Work to complete - Please write out exactly the line containing "French; Medal; Medals and Plaquettes" below and every line after it, through the last one, but leave out any pictures.

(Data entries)
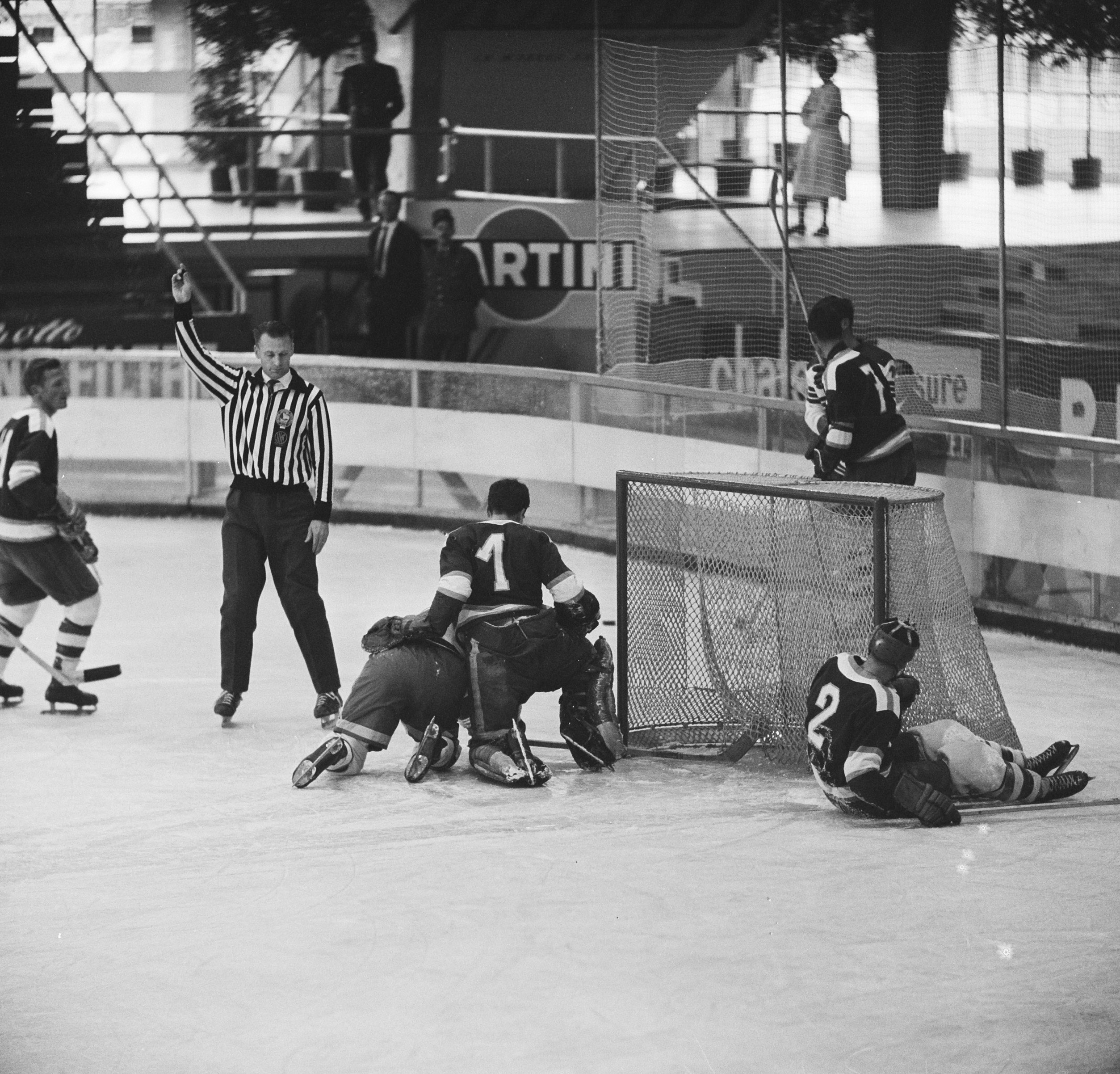 Nederlands vs Yugoslavia at 1961 IIHF World Championship Group C
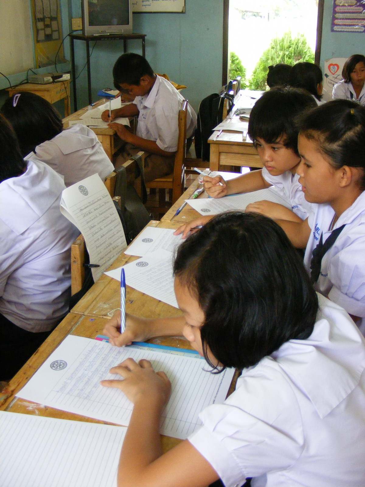 student in Ban Hat Suea Ten School in Wat Pa Kanun, Khung Taphao subdistrict, Mueang Uttaradit, Uttaradit Province, Thailand.
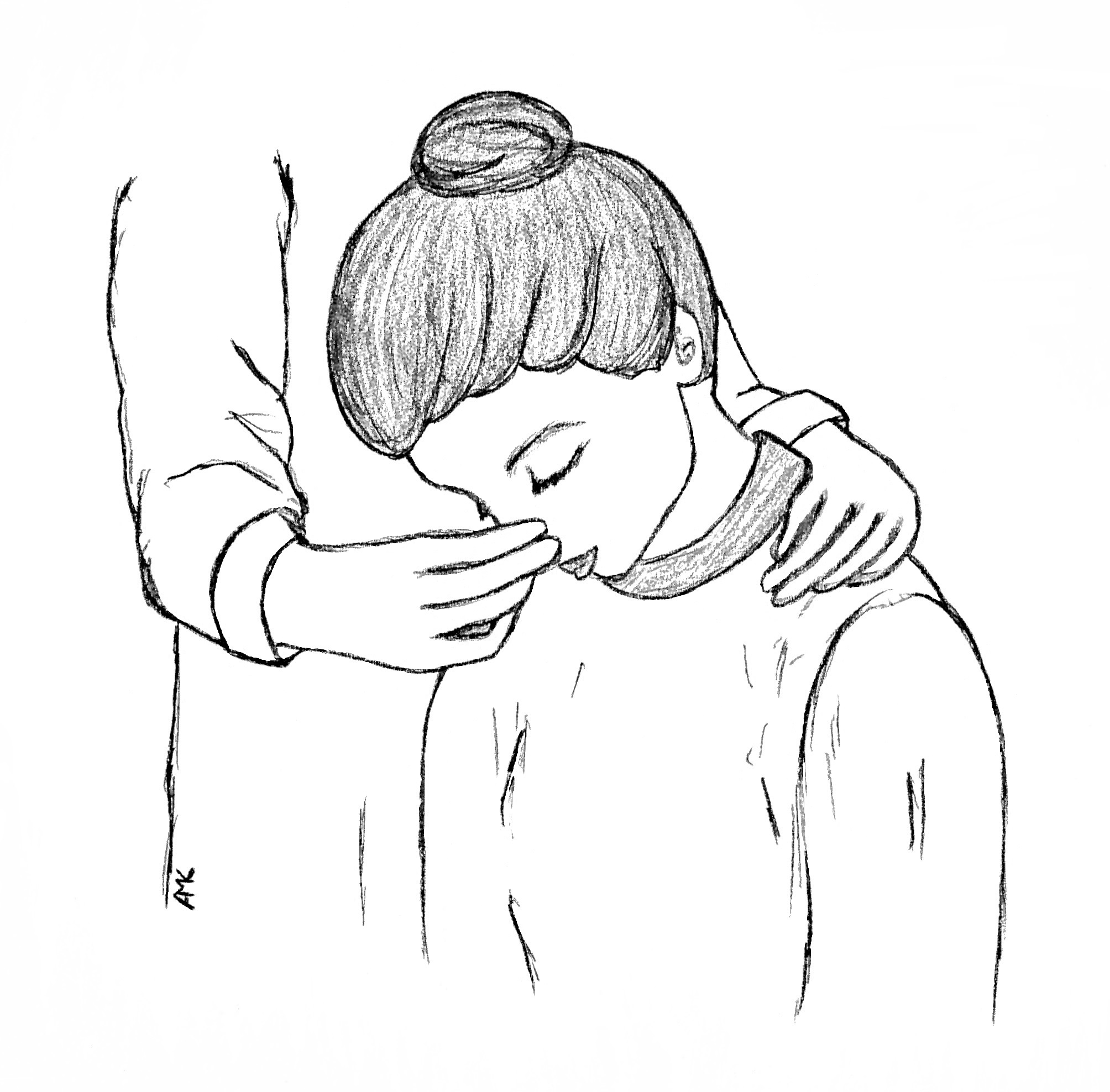 Nosebleed aid
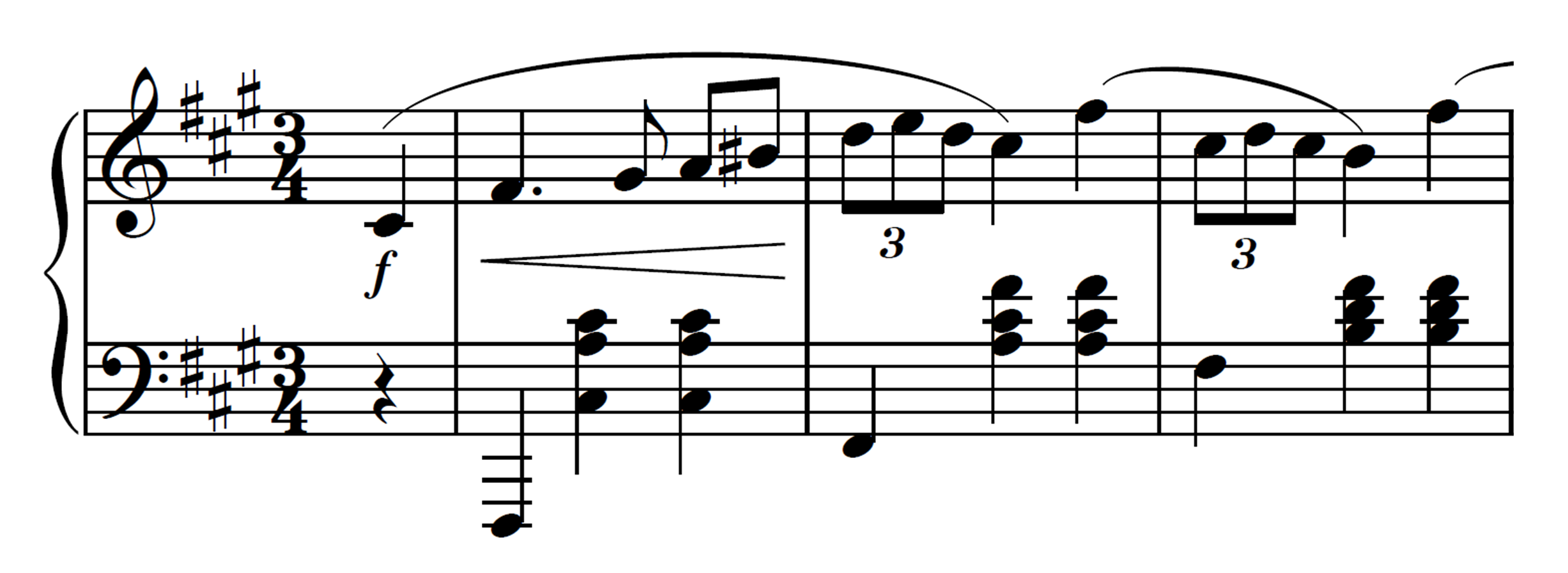 The first 4 bars of Chopin's Mazurka in F-sharp minor, Op. 59, No. 3
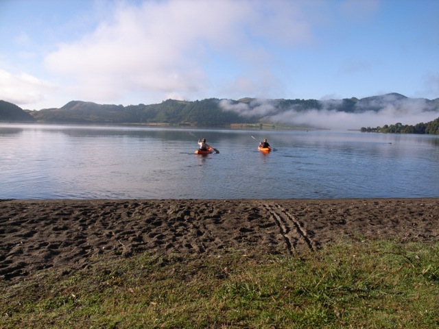 Lake Okareka, Rotorua Feb 2012
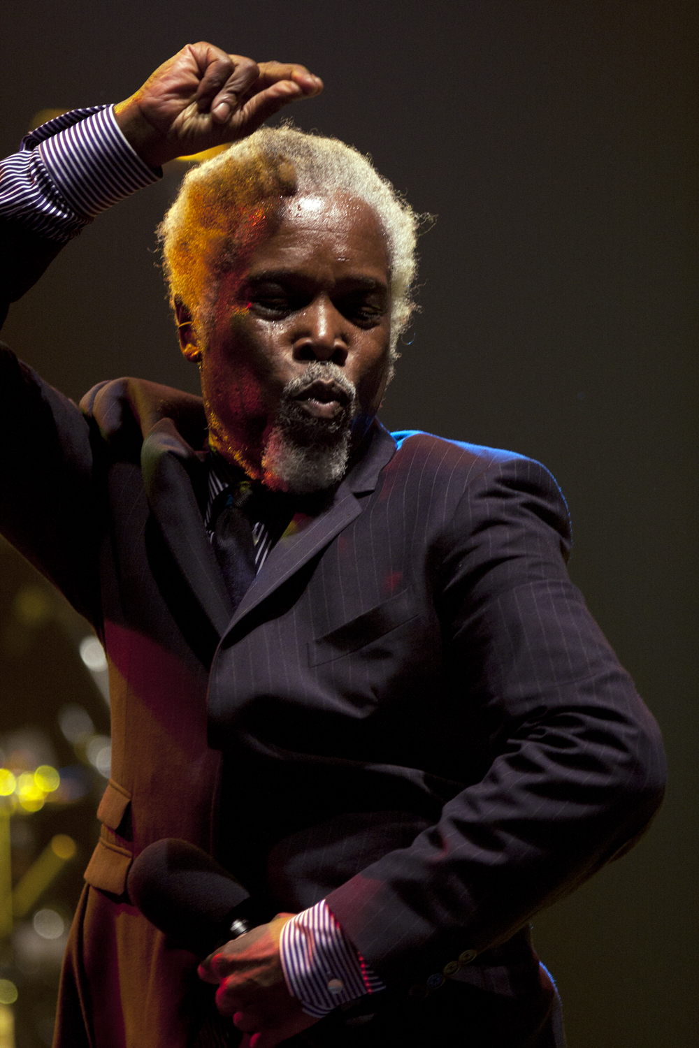 Billy Ocean
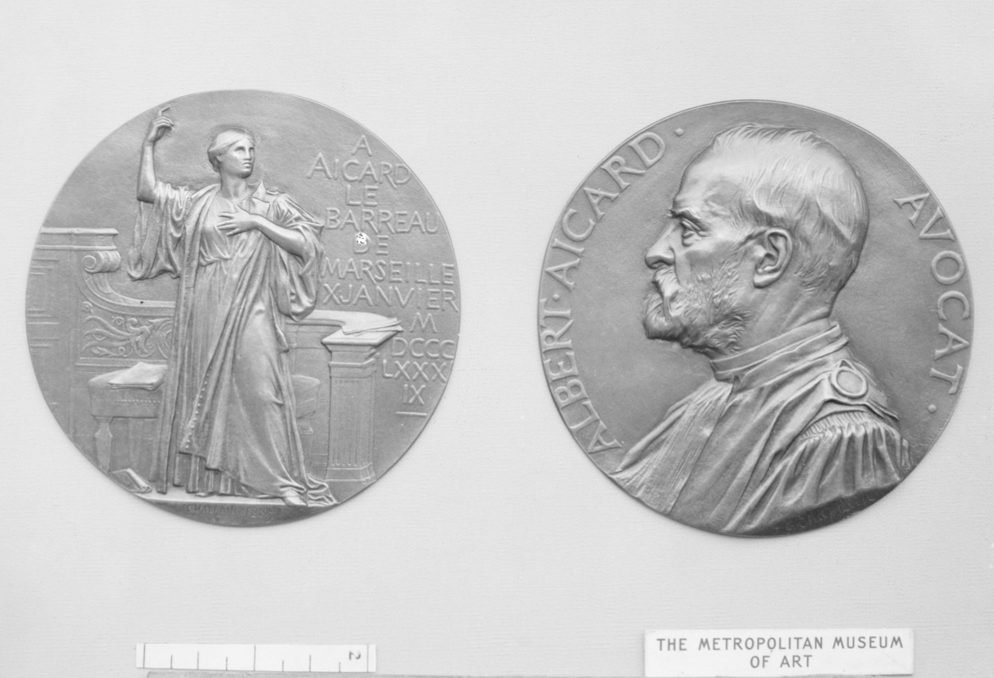 French; Medal; Medals and Plaquettes
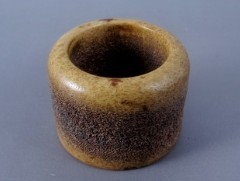 Fergetun, Manchu traditional thumb ring for archery
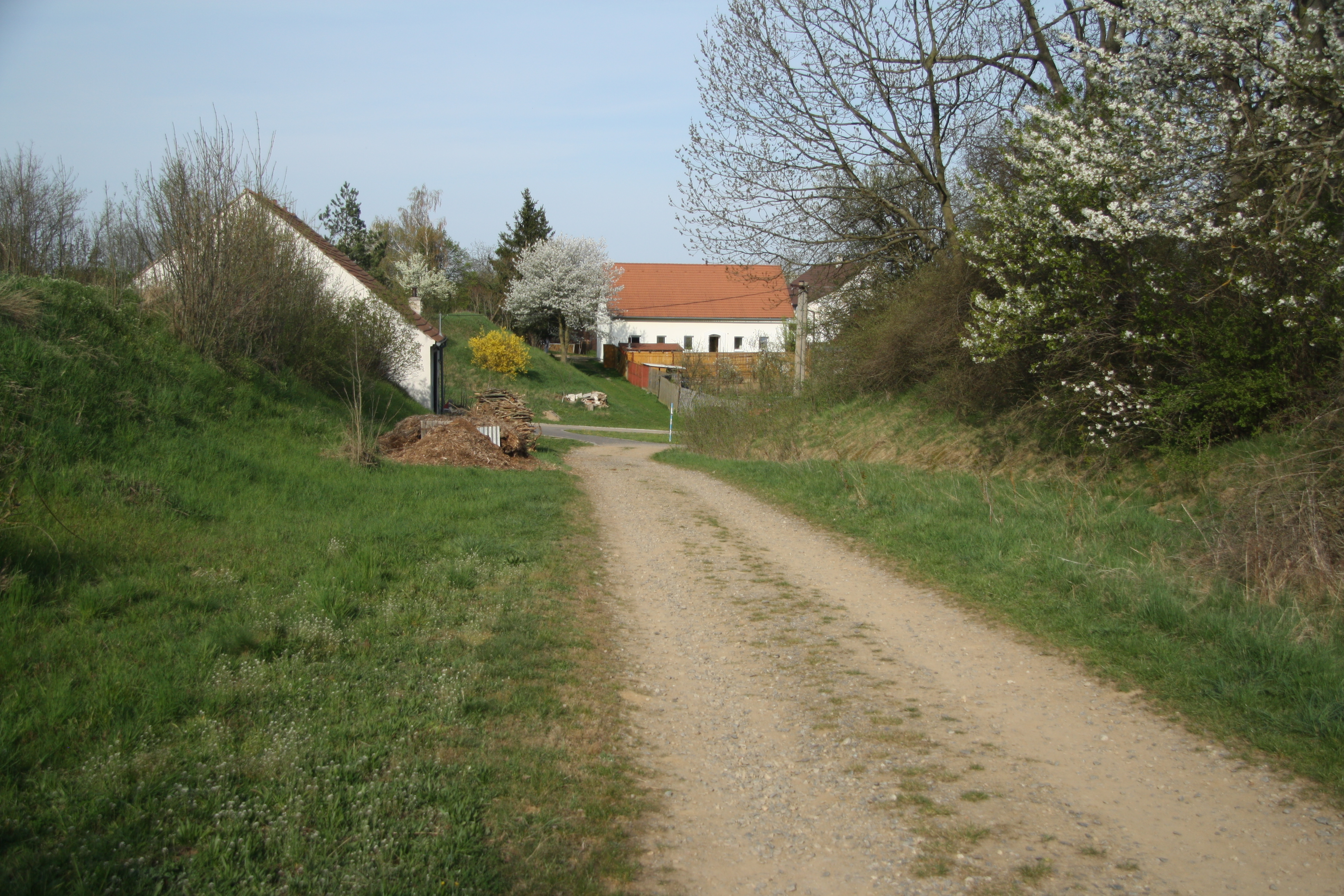 Educational Trail of Otokara Březina near Vícenice and Bohušice, Třebíč District.
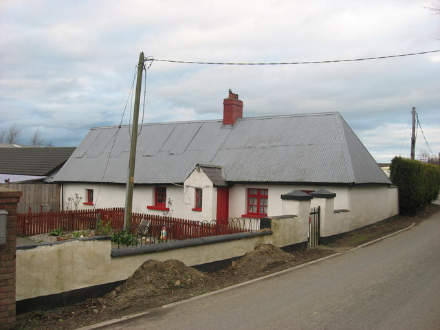 Cottage at Knocknagin, Co. Dublin Vernacular cottage, once thatched, now a store for a garden centre. Note genuine leprechaun in garden.
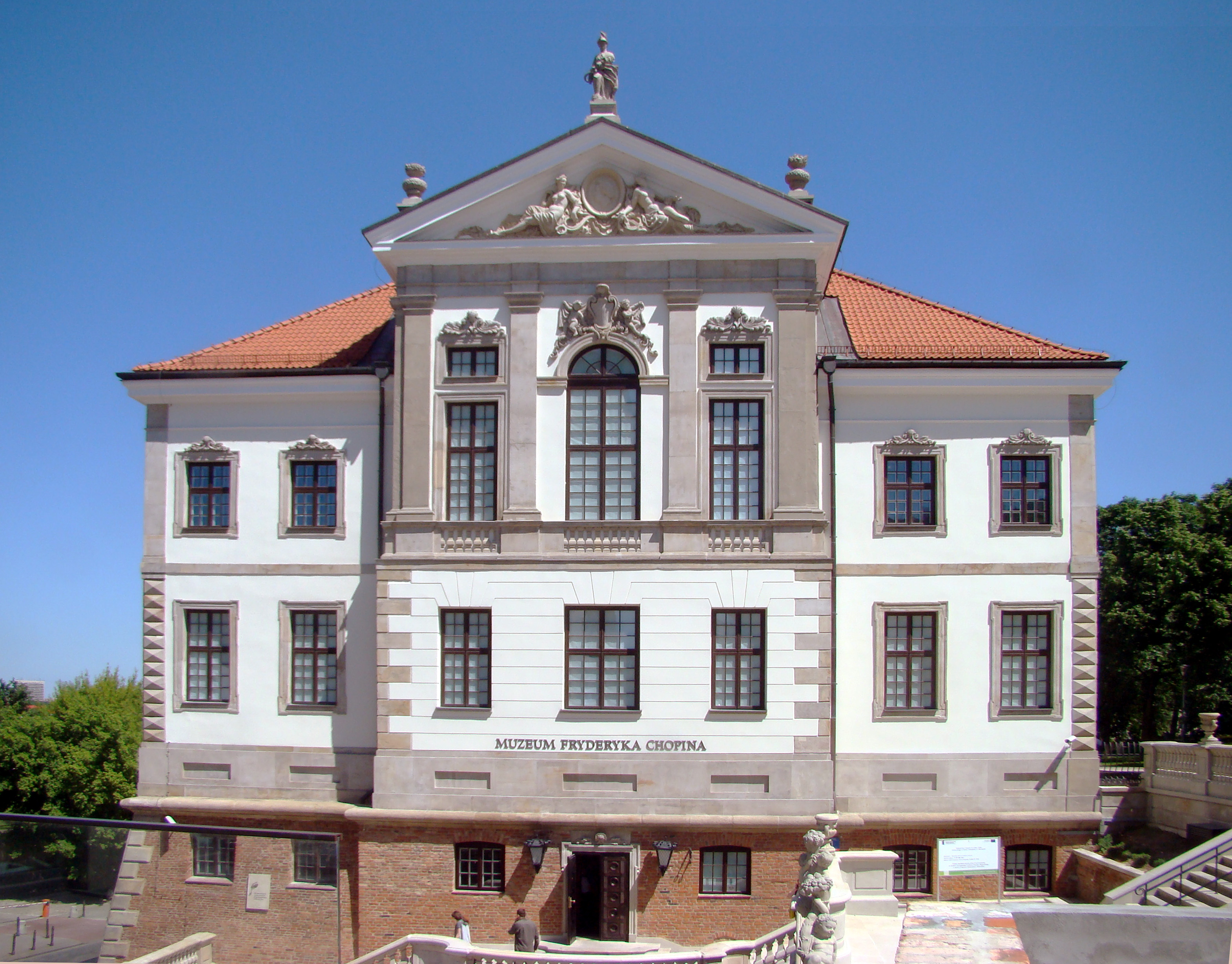 Ostrogski Palace Chopin Museum Warsaw

Problem solution -
 French; Medal; Medals and Plaquettes
 Fergetun, Manchu traditional thumb ring for archery
 Educational Trail of Otokara Březina near Vícenice and Bohušice, Třebíč District.
 Cottage at Knocknagin, Co. Dublin Vernacular cottage, once thatched, now a store for a garden centre. Note genuine leprechaun in garden.
 Ostrogski Palace Chopin Museum Warsaw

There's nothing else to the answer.